Eigentlich hätte meine Generation (um die 1970 Geborenen) auch als «Generation Platzspitz» oder «Generation Letten» enden können; schliesslich war die offene Drogenszene in unseren Teenie-Jahren ein Dauerthema und lockte mit einem einfach zugänglichen Drogenmarkt. Doch irgendwie war Heroin eher was für die Generation «AJZ», die sich in ihrer Selbstgefälligkeit suhlte.
Anders als die Generation «No future» sahen wir positiv dem neuen Jahrzehnt entgegen und freuten uns auf das digitale Zeitalter, das 1990 mit dem Nintendo-Gameboy und Compact-Disc schon zwei Gründe lieferte sich nicht zu Tode zu fixen.
Wie die Nadeln für die Vinylplatten allmählich ausgedient haben, taten dies auch die Heroin-Spritzen - sie wurden durch praktische Pillen ersetzt.

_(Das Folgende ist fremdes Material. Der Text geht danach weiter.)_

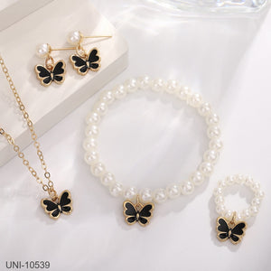 UNI-10541 - Black Butterfly & Beaded Pearls - Jewelry Set

Ecstasy: Diese neue Generation von Drogen war nicht mehr einlullend sondern euphorisierend wie ein Glücksbärli-Trip.
Unsere Generation brauchte kein Autonomes Jugend-Zentrum, um sich zu treffen, weil es immer irgendwo einen unbenutzten Raum gab, den man mit Bass, Freunden und Stroboskop-Blitzen füllen konnte. Sogar die Strasse konnte zur Party werden - und glaubt es mit der Streetparade bis heute zu sein. Doch erst die bunten Ecstasy Pillen machten aus einem tristen Tanz im Kellerloch einen trippy Mega-Rave. Ecstasy war so aufregend wie man heute glaubt, dass es Berlin anfangs der 90er Jahre war.
Wie Berlin nach dem Mauerfall aus dem Dornröschen-Schlaf erwachte, erweckte Ecstasy meine Generation, die sich plötzlich mit Nuggi im Mund (gegen das Kiefermahlen) und Sonnenbrille (wegen den geweiteten Pupillen) im blitzenden Strobo-Gewitter wiederfand und in schamanische Exstase tanzte. Es war sowohl Rebellion als auch Botschaft, still und laut zugleich.

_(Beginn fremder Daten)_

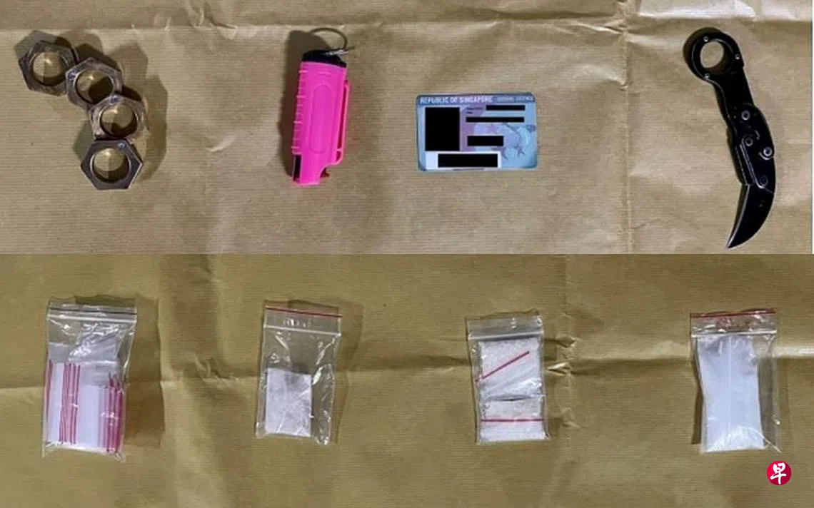 (早报讯)肃毒局在执法行动中缉获市价4万7000元毒品,30岁男子涉嫌贩毒、使用胡椒喷雾攻击执法人员,当场被逮捕。当局人员过后也从男子身上搜出指节铜套、爪刀等武器。

Nicht nur deshalb war Ecstasy die Droge meiner Generation. Ecstasy riss Mauern persönlicher Hemmungen nieder, erhöhte die Leistungsgrenzen, steigerte das Glücksniveau und gaukelte das Gefühl eines unvergesslichen Momentes vor, dem ein noch viel unvergesslicherer Moment folgte.
Am Montag war die erleuchtende Exstase dann weg und die Euphorie einer tiefen Leere gewichen, die meine Generation auf bewährte Weise regelt: noch mehr Pillen.
Kein Wunder gehören Antidepressiva seit den 90er Jahren zu den meistverkauften Arzneien. Zwar sind es auch Ältere und Jüngere, die sich Prozac & Co einwerfen; aber vor allem ist es meine Generation, die ihre Kinder mit Ritalin & Co. abfüllt und immer noch an das Glück aus der Dose glaubt.